Da redação
No Banco Central, interlocutores afirmam ser baixa a expectativa de que a Proposta de Emenda à Constituição (PEC) que amplia a autonomia da autoridade monetária seja votada durante os dois períodos de esforço concentrado no Congresso Nacional. A Câmara dos Deputados e o Senado realizarão sessões entre os dias 10 e 14 de agosto e entre 31 de agosto e 3 de setembro. Próximos a Gabriel Galípolo descartam a apreciação no Senado nesta semana diante da decisão do presidente da Casa, Davi Alcolumbre (União Brasil-AP), de manter sessões semipresenciais ao longo dos cinco dias de convocação.
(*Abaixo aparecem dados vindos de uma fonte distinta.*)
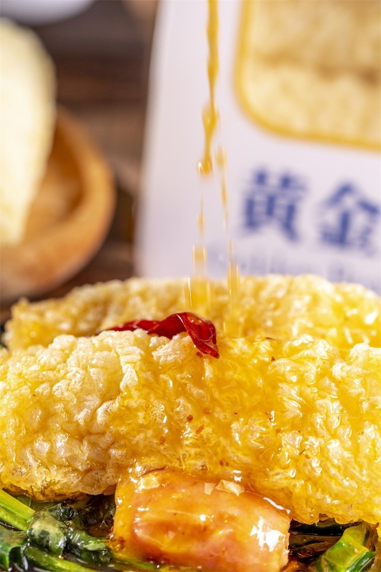 轻油炸制的黄金豆皮卷,薄脆不腻口,缝隙间汤汁保留着豆香和爽脆的口感,松脆易煮,软而不烂,细腻柔嫩。
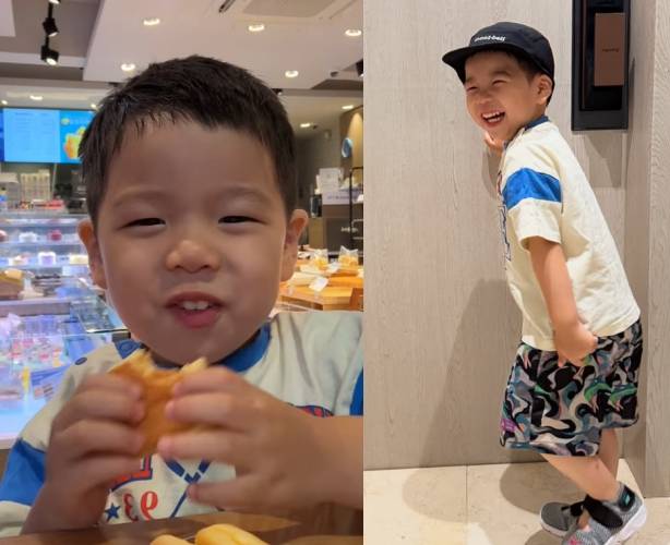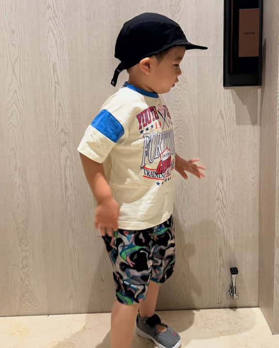 공개된 사진 속 준범이는 컬러풀한 패턴이 인상적인 반바지와 루즈한 그래픽 티셔츠, 그리고 스포티한 그레이 컬러 운동화를 매치해 어린이 특유의 밝고 발랄한 분위기를 잘 살렸다.
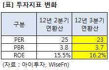 한편, 양호한 3분기 실적에 덕분에 투자지표도 개선됐다. 3분기 연환산 기준 현재 주가수익배수(PER)는 23배로 2분기 연환산 기준 25배보다 낮아졌다. 3분기 자본총계 기준 주당순자산(PBR)도 3.7배로 2분기 기준 3.8배보다 낮아졌다. 자기자본이익률(ROE)은 종전 15.5%에서 16.2%로 높아졌다. 지난 2009년 상장 후 3년여간 PER 평균은 13배, PBR 평균은 2.1배이고, 자기자본이익률(ROE) 평균은 15.7%다.

Segundo integrantes do Banco Central, o avanço da pauta exige quórum elevado e sessão presencial, o que dificulta a análise da matéria nesse período. Para a segunda semana de esforço concentrado, marcada para ocorrer já no meio da campanha eleitoral, ainda não há definição sobre o formato das sessões. De acordo com avaliações internas, a tendência é de quórum baixo devido à proximidade do primeiro turno das eleições.
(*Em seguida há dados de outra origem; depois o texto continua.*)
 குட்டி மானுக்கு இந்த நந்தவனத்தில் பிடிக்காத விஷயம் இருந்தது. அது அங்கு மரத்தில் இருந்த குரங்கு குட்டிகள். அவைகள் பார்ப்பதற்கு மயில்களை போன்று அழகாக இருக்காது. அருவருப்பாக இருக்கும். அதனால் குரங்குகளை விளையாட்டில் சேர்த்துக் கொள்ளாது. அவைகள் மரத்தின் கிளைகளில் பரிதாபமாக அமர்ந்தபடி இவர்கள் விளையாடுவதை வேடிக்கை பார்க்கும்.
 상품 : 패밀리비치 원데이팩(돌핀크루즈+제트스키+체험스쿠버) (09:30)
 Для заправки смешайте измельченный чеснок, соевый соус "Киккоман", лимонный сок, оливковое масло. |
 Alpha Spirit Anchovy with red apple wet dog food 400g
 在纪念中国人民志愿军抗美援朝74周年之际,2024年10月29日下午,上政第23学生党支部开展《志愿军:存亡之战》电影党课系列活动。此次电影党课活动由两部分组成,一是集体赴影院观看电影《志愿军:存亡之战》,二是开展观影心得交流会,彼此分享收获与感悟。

Diante desse cenário, a avaliação majoritária dentro do Banco Central é de que a votação da PEC ficará para depois das eleições. A proposta garante autonomia orçamentária à autoridade monetária, permitindo que o Banco Central administre recursos próprios, sem a necessidade de recorrer ao Orçamento da União nem se submeter ao arcabouço fiscal.
Caso aprovada, a medida prevê que o orçamento, os investimentos e as despesas com pessoal do Banco Central sejam processados internamente. Pelo texto da PEC, esses itens deverão ser submetidos ao Conselho Monetário Nacional (CMN) e, em seguida, à Comissão de Assuntos Econômicos (CAE) do Senado.